▶ [Exercise inputs]
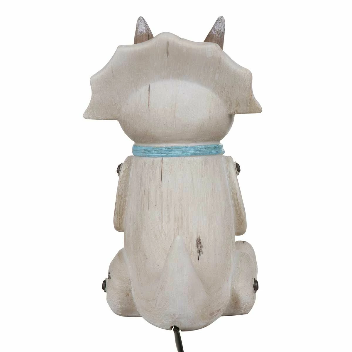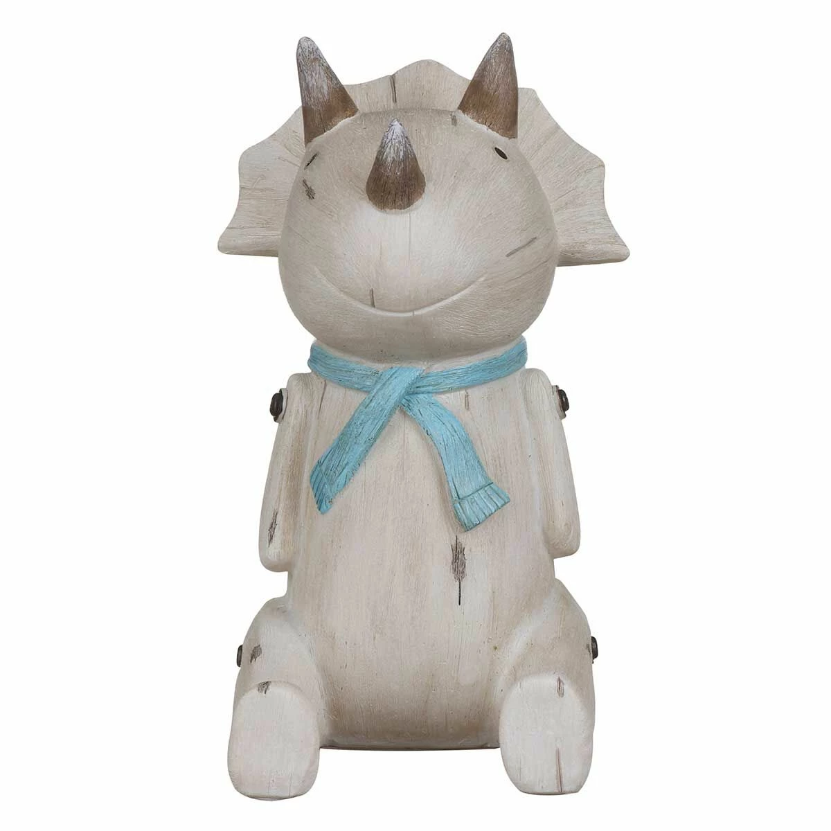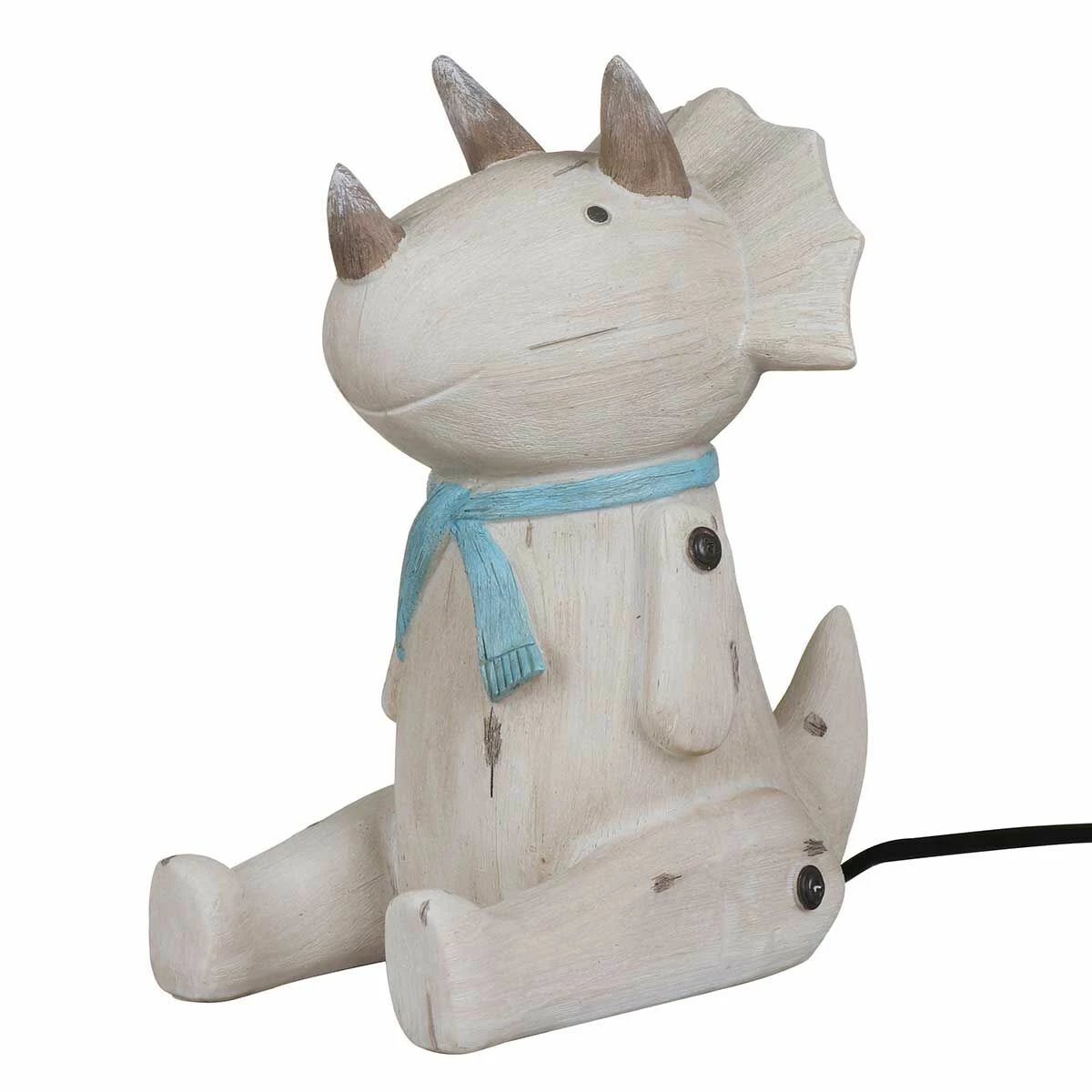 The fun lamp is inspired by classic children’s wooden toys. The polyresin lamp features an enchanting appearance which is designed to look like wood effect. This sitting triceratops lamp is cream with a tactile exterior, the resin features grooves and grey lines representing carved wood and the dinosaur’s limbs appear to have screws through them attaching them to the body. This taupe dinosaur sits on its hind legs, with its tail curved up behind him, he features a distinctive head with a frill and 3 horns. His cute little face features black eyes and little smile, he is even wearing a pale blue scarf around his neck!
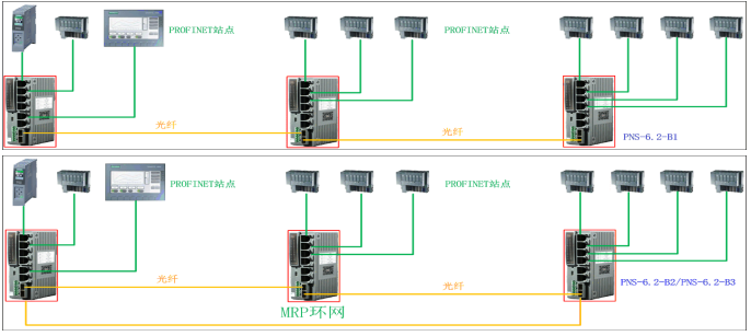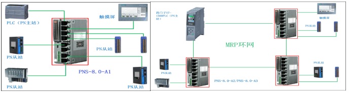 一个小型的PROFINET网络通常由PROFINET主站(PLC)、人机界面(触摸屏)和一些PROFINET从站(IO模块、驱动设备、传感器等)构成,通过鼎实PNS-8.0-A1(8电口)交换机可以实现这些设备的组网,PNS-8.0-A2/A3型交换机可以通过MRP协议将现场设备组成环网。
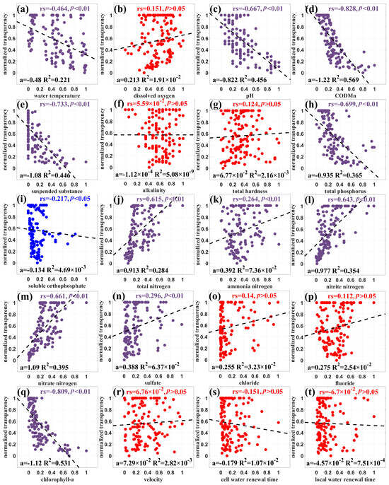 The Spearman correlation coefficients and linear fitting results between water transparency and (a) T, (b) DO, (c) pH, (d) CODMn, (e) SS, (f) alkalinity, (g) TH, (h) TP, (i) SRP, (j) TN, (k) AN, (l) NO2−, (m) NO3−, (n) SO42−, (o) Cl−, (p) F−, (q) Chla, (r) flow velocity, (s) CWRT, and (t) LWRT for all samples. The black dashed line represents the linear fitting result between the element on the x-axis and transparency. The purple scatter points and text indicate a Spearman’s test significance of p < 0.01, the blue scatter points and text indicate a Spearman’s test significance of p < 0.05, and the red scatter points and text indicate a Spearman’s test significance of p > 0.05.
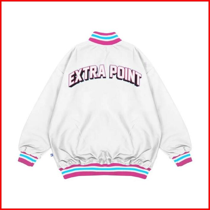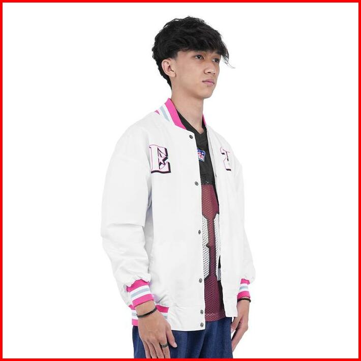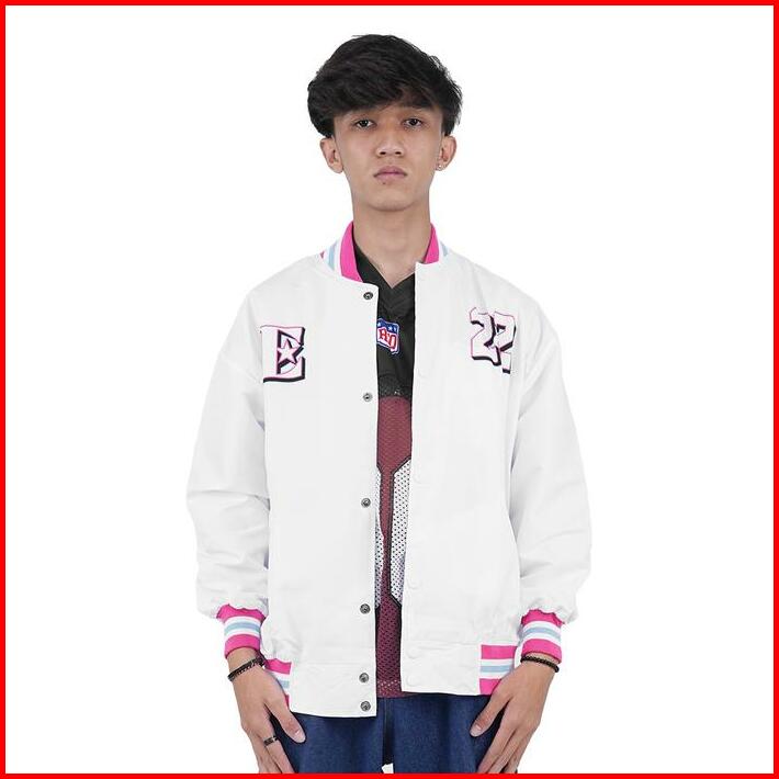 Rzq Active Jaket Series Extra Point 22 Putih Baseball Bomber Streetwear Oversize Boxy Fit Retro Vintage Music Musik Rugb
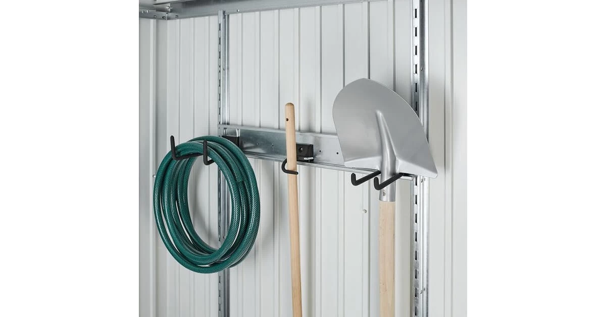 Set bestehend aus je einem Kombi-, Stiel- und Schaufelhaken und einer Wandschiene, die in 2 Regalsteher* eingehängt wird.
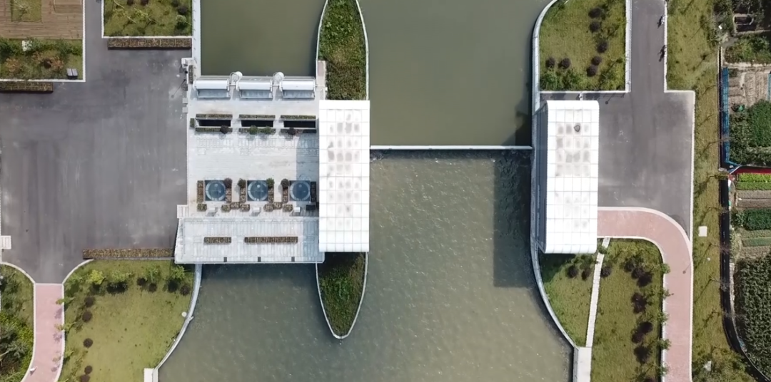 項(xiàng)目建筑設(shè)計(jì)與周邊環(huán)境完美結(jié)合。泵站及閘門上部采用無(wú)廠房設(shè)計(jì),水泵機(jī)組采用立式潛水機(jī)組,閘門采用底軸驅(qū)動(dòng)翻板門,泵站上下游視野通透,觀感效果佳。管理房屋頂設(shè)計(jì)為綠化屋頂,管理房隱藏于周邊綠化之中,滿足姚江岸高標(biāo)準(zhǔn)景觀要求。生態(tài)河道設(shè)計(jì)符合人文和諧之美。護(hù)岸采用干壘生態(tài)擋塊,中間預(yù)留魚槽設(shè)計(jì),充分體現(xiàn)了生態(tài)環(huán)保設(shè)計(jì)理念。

▶ [Required work]
Repeat exactly the lines from the first line of the records above through the line containing "The Spearman correlation", leaving out the pictures.

▶ [Completed task]
 The fun lamp is inspired by classic children’s wooden toys. The polyresin lamp features an enchanting appearance which is designed to look like wood effect. This sitting triceratops lamp is cream with a tactile exterior, the resin features grooves and grey lines representing carved wood and the dinosaur’s limbs appear to have screws through them attaching them to the body. This taupe dinosaur sits on its hind legs, with its tail curved up behind him, he features a distinctive head with a frill and 3 horns. His cute little face features black eyes and little smile, he is even wearing a pale blue scarf around his neck!
 一个小型的PROFINET网络通常由PROFINET主站(PLC)、人机界面(触摸屏)和一些PROFINET从站(IO模块、驱动设备、传感器等)构成,通过鼎实PNS-8.0-A1(8电口)交换机可以实现这些设备的组网,PNS-8.0-A2/A3型交换机可以通过MRP协议将现场设备组成环网。
 The Spearman correlation coefficients and linear fitting results between water transparency and (a) T, (b) DO, (c) pH, (d) CODMn, (e) SS, (f) alkalinity, (g) TH, (h) TP, (i) SRP, (j) TN, (k) AN, (l) NO2−, (m) NO3−, (n) SO42−, (o) Cl−, (p) F−, (q) Chla, (r) flow velocity, (s) CWRT, and (t) LWRT for all samples. The black dashed line represents the linear fitting result between the element on the x-axis and transparency. The purple scatter points and text indicate a Spearman’s test significance of p < 0.01, the blue scatter points and text indicate a Spearman’s test significance of p < 0.05, and the red scatter points and text indicate a Spearman’s test significance of p > 0.05.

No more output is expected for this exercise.